No matter how old and decadent a franchise is; chances are if there is a way to bring new life into them so a new franchise can be born out of it and become the next “Avengers” or “Harry Potter” or “Hunger Games”, then someone is damn well going to do it. Peter Pan has always been a whimsical tale of tasteless boredom for me; I never saw the big deal people made out of it and I never understood how it’s been around as long as it has. Even the Disney cartoon version of it wasn’t THAT big of a deal to me. Still, Joe Wright for some reason decided that Peter Pan needed to make a colossal comeback and he figured the only thing that hasn’t already been done with the character is to weave an origin story; so he decided to make one and simply call it “Pan.” I’d probably ask if we really need a new Pan film or an origin one, but we all know we don’t need either so why not just sit back and watch where this flying pirate ship will take us.


Before he became the legend, Peter (Levi Miller) was a 12 year old orphan who lived in an abusive orphanage, until his life was changed when he was abducted by a flying pirate ship and taken to Neverland; ruled ruthlessly by the pirate lord Blackbeard (Hugh Jackman). After learning his arrival was prophesized by Blackbeard as the one who would ultimately kill him, Pan flees with the help of James Hook (Garrett Hedlund) and seeks out the tribal princess Tiger Lily (Rooney Mara). Now Pan must face his destiny as a legend in training and discover the truth about his past and ultimately; his future as the one and only Peter Pan. One thing I’m grateful for is the decision to take this film in a more adventurous, family fun kind of tone rather than making it a dark and gritty reboot that everyone else seems to be using these days. “Pan” is all about fantasy adventure, it’s like “Harry Potter” with “Pirates of the Caribbean” mixed into it.

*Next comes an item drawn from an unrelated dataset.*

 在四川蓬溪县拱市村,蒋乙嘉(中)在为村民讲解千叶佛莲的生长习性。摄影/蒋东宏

The story gives us different new takes on popular characters we’ve known for years, we know how they’re supposed to end up and turn out but we’ve never seen the likes of Pan and Hook in a way “Pan” portrays them. It’s like were REALLY meeting these legends for the first time. Pan is given a sort of messiah plot device and it does admittedly run into a few cliché potholes as viewing the character as a legendary savior doesn’t allow him to develop or come off as anyone else other than what we already know he will become. Still, I like the idea of seeing Peter being a scared, unsure; even sometimes selfish person who is willing to jump into death’s jaws as long as he finds out about his family and caring little about who he is supposed to be. It also gives his flying powers a sense of purpose and meaningfulness; we get an idea of why he has them and how it fits into Neverland and even why he was in “our world” in the first place.

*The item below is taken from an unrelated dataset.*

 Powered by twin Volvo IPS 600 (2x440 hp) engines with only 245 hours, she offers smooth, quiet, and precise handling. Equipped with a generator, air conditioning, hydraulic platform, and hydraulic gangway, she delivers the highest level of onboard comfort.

“Pan” has a style all its own; all the pirates have distinct costumes and designs, the tribesmen have a specific way in which they move, jump and fight, even the gun powder the pirates use is mixed with bright colors. Levi Miller was a great and fitting choice for Pan, kid actors usually suck something fierce and you can’t really fault them BECAUSE they’re kids; but I actually liked this Pan, I wanted to see how he’d take this turn or how he’d react to this and that. Jackman is damn near unrecognizable as Blackbeard, his performance is leaps and bounds louder and livelier than everyone else; but that doesn’t make him any less impressive or his performance any less commendable as this pirate villain. Speaking of pirate villains, Hedlund as James Hook was quite a character. He’s completely different than any Hook we’ve ever seen and when you see him, you find it impossible this could be the same Hook…and I like that.


The film wisely sneaks in fun little references here and there, most of which are subtle and well handled, while others are clearly left unresolved until a hopeful sequel is greenlit. Sadly based on the film’s box office return, it seems unlikely one will ever come up and it’s a shame because I genuinely liked these characters enough to want to see HOW they end up becoming enemies and handless. I can’t say the film was too ambitious with its inklings towards a planned trilogy, it wasn’t too wrapped up in planting Easter eggs to the point they sacrificed their characters and story (unlike “Amazing Spider-man 2”). While this movie is fun, well cast and rich with entertaining values, it’s not so great that it truly warrants it’s overly expensive price tag; at least if we were judging a film’s quality by its budget…which I’m not. The only problem “Pan” suffers from is it relies too much on its target audience and hopeful “Peter Pan fans” interest in a revival to do most of the lifting work to carry this film into the mega profit margins.


The fun is there, the casting is there (minus an unfortunately white washed Tiger Lily) and the potential and groundwork is all there; ready and willing to show us how these characters eventually become the legendary enemies and icons of their famous fabled story. The interest however isn’t there and is nowhere near sufficient enough to bring a sequel onboard, which is a shame because I enjoyed this enough that I want more “Pan” and genuinely think the story they had been preparing in the sequel would have been worth the budget. Overall, “Pan” is a revival/origin story that came out at the wrong time; foolishly assuming this was the right time. It sets its heights too high and a price tag just as painfully out of reach. However, I think the cast did a much better job than I expected; I care about these characters and I really do care enough to see where this journey could have gone to had they been able to continue. It’s a straight up, fun, fantasy adventure film that really could have used a bit more happy thoughts lifting it up; besides my own.